I rub my lips together. “He asked me if I was frigid.”

Nicholas’s jaw tightens and his fists scrunch the sheets. “He fucking what?”

His voice is lower than I’ve ever heard it, laced with a raw anger that made me glad I’d dragged that promise out of him. If I hadn’t, Matthew’s days may be numbered. There’s a dark part of me that’s enjoying this possessive show of strength. It makes me feel… wanted, I guess. But I don’t want anybody to die over it.

“It doesn’t matter.”

A vein pulses in his forehead, the cords of his neck protruding. “It doesn’t matter? Of course it fucking matters.”

“Nicholas.” I press my palm to his cheek. “It was a long time ago.”

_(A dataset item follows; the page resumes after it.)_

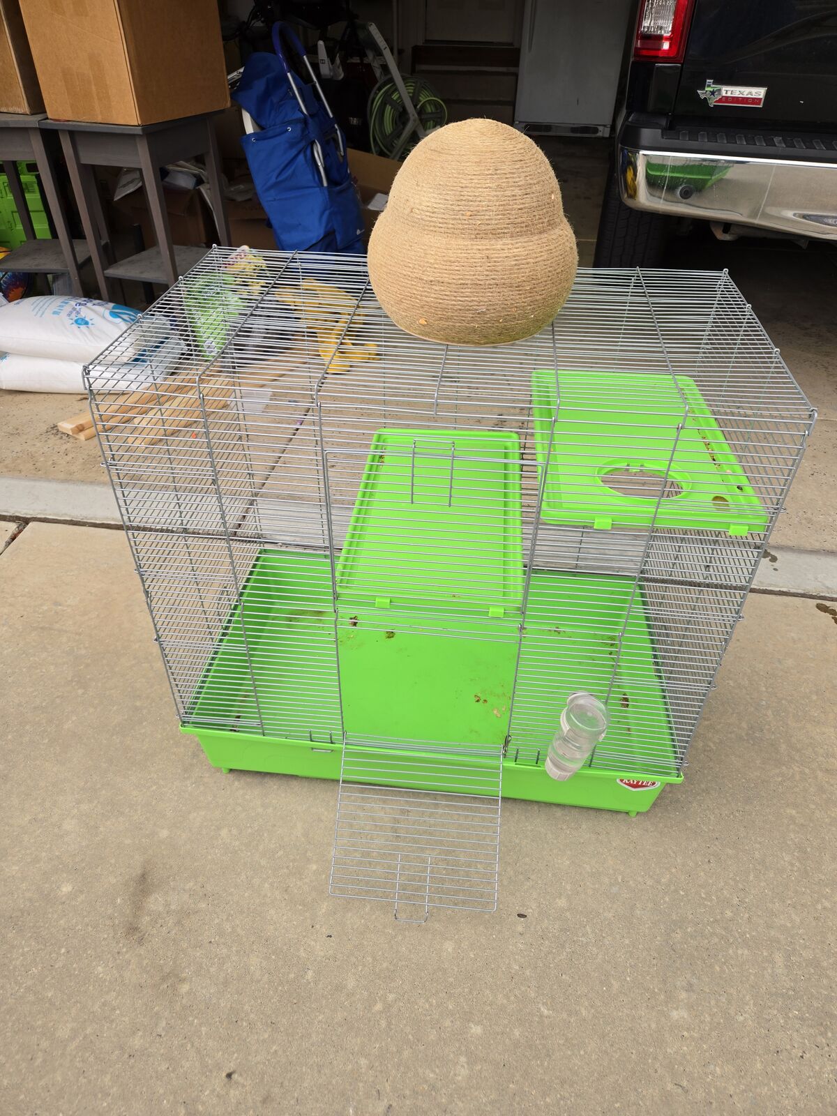 Large cage for rats, guinea pig, chinchilla, ferret or what have you. Comes with water bottle and house. Nice cage!

“And yet it’s still affecting you.”

He’s right. It is. Or it was.

“Will it stroke your ego to say that it was affecting me… until last night?”

“Yes.” His lips tilt up, and the small smile changes his entire appearance. I can’t look away. Nicholas has always been a broody kind of guy, the frown lines between his eyebrows prominent and menacing, but when he smiles, like he is now, those lines disappear, and his features soften.

Bracing himself on his forearms, he lowers his head and brushes his lips against mine. Tingles explode in my body, and I writhe beneath him, showing him what I want, what I need.

“You’re temptation wrapped in a pint-sized yet perfect package, wife.” His nose traces mine in a gentle caress. “Sadly, we don’t have time.” He springs off the bed and reaches down for my hand, pulling me up with him.

“Why? What’s so urgent?”

“Our honeymoon. Unless you’d rather stay here.”

My eyes flare. For some reason I hadn’t expected a honeymoon. This wasn’t a love match. It was an arrangement. Yet it doesn’t feel like that. It feels… real.

“Honeymoon? Where?”

The wink he gives me is so fast, I may have imagined it. “You’ll see.”